The paper, which was published in the journal ChemRxiv, focuses on the method the virus uses to bind to cells. Like other viruses, the novel coronavirus uses a spike protein to inject cells. Using Summit with an algorithm to investigate which drugs could bind to the protein and prevent the virus from doing its duty, the researchers now have a list of 77 drugs that show promise.
Starting with over 8,000 compounds, Summit’s incredible power shortened the time of the experiment dramatically, ruling out the vast majority of possible medications before settling on 77 drugs which it ranked based on how effective they would likely be at halting the virus in the human body.
“Summit was needed to rapidly get the simulation results we needed. It took us a day or two whereas it would have taken months on a normal computer,” Jeremy Smith, co-author of the research, said in a statement.
“Our results don’t mean that we have found a cure or treatment for the coronavirus. We are very hopeful, though, that our computational findings will both inform future studies and provide a framework that experimentalists will use to further investigate these compounds. Only then will we know whether any of them exhibit the characteristics needed to mitigate this virus.”
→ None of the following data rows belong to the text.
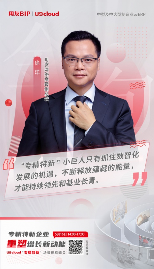 服务企业数智化转型和商业创新,用友一直是行业领导厂商。用友公司高级副总裁徐洋说:“近两年,我们已经帮助了很多专精特新企业打造新的数智化平台。助力专精特新企业规模扩张和快速成长。另外,针对专精特新企业,特别是在IPO的内控合规方面,可以帮助企业更加省事省心。U9 cloud可为企业提供内控管理的良好的支撑。”
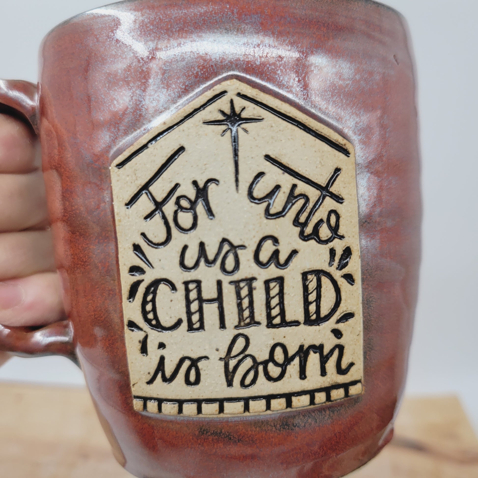 For Unto Us A Child Is Born | Christmas Coffee Cup | Christian Gifts | Christmastime Mugs | Cinnamon Red
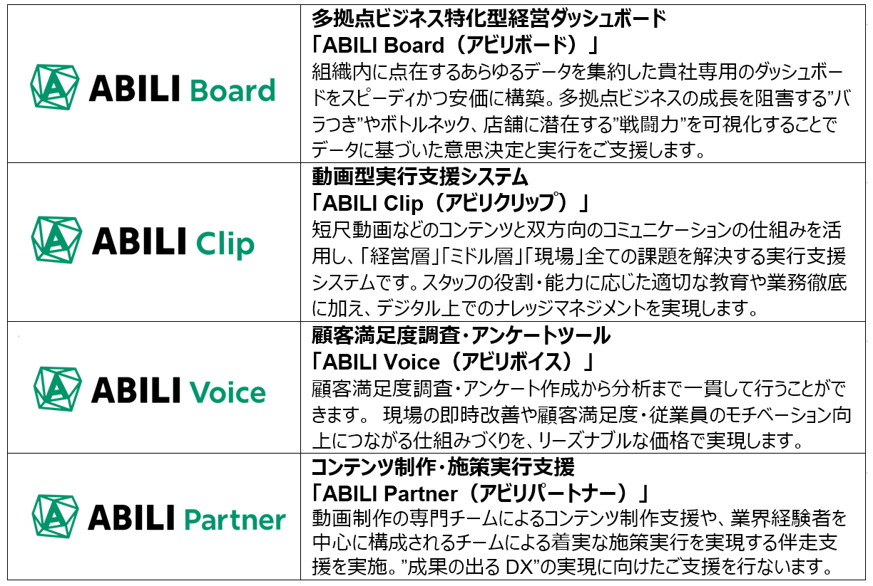 「『できる』をふやす」をミッションに掲げ、2014年の「ClipLine(現ABILI Clip)」リリースにより、GDP の約7割を占めるサービス産業を始めとした多拠点ビジネスの労働生産性向上を支援してまいりました。外食や小売企業の導入から始まり、介護、運輸など様々な生活サービス領域で売上向上、離職率削減、教育時間短縮などの成果を創出してきました。2023年9月にはClipLineのサポート範囲を大幅に拡大し、顧客の課題に徹底的に寄り添った総合的なプラットフォーム「ABILI」を新ブランドとしてリリースしました。
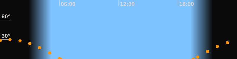 Höchster Stand (Kulmination)00:49 Uhr (h = 29.6°)
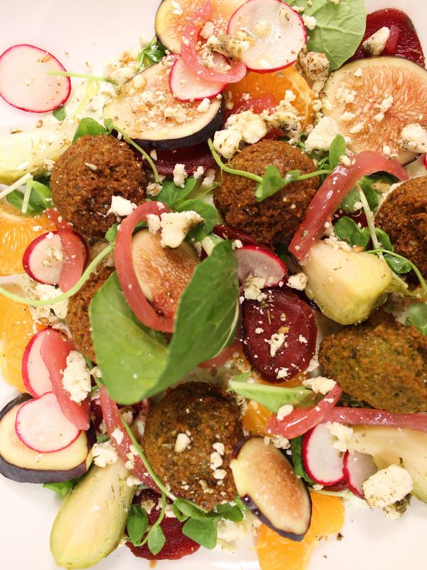 Split Pea Fritters, Figs, Mandarins, Cider Pickled Radish, Beet, Onion, Brussel, and Goat Cheese

These promising compounds could now play a role in developing new treatments or even a highly-effective vaccine that would keep the virus from taking root inside a person’s body. Right now, our best defense against the virus is social distancing, but a vaccine or treatment to ease symptoms and shorten recovery time would go a long way toward getting us on track for a return to normalcy.
Going forward, the researchers plan to run the experiment again with a new, more accurate model of the protein spike that the virus uses. It’s possible that the new model will change which drugs are most effective against the virus, and hopefully shorten the road to a treatment option. It will still be many months before we have a vaccine available, but scientists are hard at work on those solutions.